How do I moderate reader comments effectively?
Use the Comments dashboard, spam filters, and pre-moderation mode to keep your reader conversations healthy without spending hours every day on cleanup.
VeloCMS comment moderation works through Admin → Comments, where you see a real-time queue of pending, approved, and spam comments across all your posts. The built-in spam filter catches most automated junk automatically — you mainly need to review the Pending tab if you have pre-moderation on, or spot-check the Approved tab to remove anything that slipped through.
What does the comment moderation dashboard show me?
The dashboard has three tabs. Pending holds comments waiting for your approval (only populated when pre-moderation is enabled). Approved shows every live comment with a quick delete or spam-flag button. Spam contains comments the system has already auto-blocked — review this occasionally to make sure legitimate comments didn't land here by mistake. Each row shows the comment text, the commenter's name and email, the post it was left on, and the timestamp. You can filter by post title if you want to see all the comments on a specific article.

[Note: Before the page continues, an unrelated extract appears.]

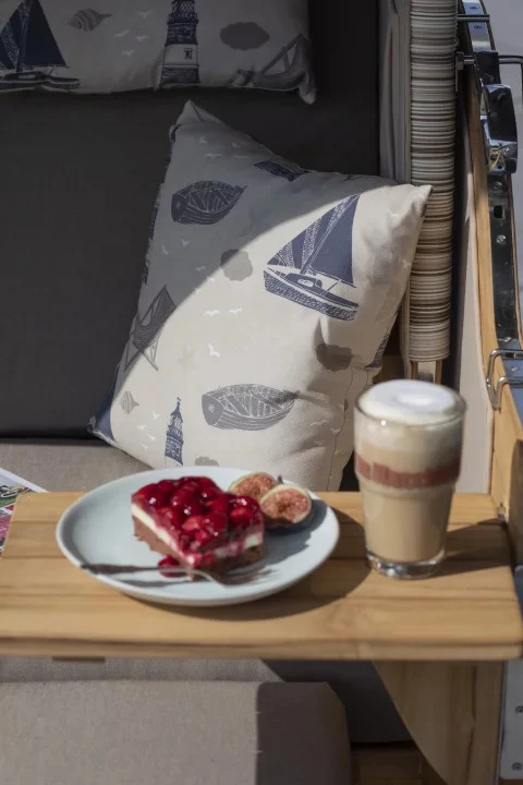 Um das stilvolle Design der Strandkorb-Serie Norderney zu komplettieren, verwenden wir für die Beschläge der Strandkörbe ausschließlich hochwertigen V2A-Edelstahl. Die positiven Eigenschaften des Edelstahls, wie z.B. seine Korrosionsbeständigkeit, unterstreichen den edlen Charakter und heben den maritimen Look des Strandkorbes Norderney hervor. So bestehen nicht nur die Winkelverstärkungen im unteren Bereich des Strandkorbes, sondern auch der Feststellmechanismus aus V2A-Edelstahl. Um den Strandkorb rundum perfekt zu machen, haben wir diesen zudem mit vielen Extras, wie einer bequemen Polsterung, farblich passenden Wurf- und Nackenkissen, Zeitungstaschen, integrierten Armlehnen, schwenkbaren Bistrotischen und einem praktischen Staufach unterhalb der Sitzfläche ausgestattet. Somit lässt der Strandkorb Norderney keine Wünsche offen und bereichert jede Terrasse.

How do I permanently block a commenter?
Find any comment from that person and click the three-dot menu on the right side of the row. Choose Block commenter. This adds their email address to your block list — all future comments from that address are silently rejected, and if they're a registered reader their ability to post comments is revoked immediately. The block is tenant-scoped, meaning it only affects your blog. You can review and remove blocks from Settings → Engagement → Blocked commenters at any time.
Should I use pre-moderation for all posts or just certain ones?
It depends on your traffic and the sensitivity of your content. Pre-moderation on every post means nothing appears until you explicitly approve it — great for controversial topics but it adds a delay that can kill the conversational energy of a fast-moving thread. A smarter approach for most publishers is to leave global pre-moderation off but enable it per post when you're publishing something you expect to attract inflammatory responses. You can also set a word count threshold: very short comments (under 15 words) are often just 'Great post!' noise or spam — auto-holding those for review cuts moderation time noticeably.
Can I set up keyword filters to automatically reject certain comments?
Yes. Under Settings → Engagement → Comment filters, you can add a list of words or phrases that automatically reject or hold for review any comment containing them. This is most useful for catching spam that the automated filter misses (like specific product names that scammers keep pushing) or for setting community norms around language. The filter is case-insensitive and supports partial word matching — adding 'casino' catches 'online casino', 'casino bonus', and similar variations without you needing to list every permutation.
The most effective comment moderation strategy is a combination: automated spam filter on, keyword filters for your most common spam patterns, pre-moderation only on posts you know will attract trouble, and a quick daily check of the Approved tab to catch anything unusual. Most publishers spend under 5 minutes per day on this once the filters are dialed in.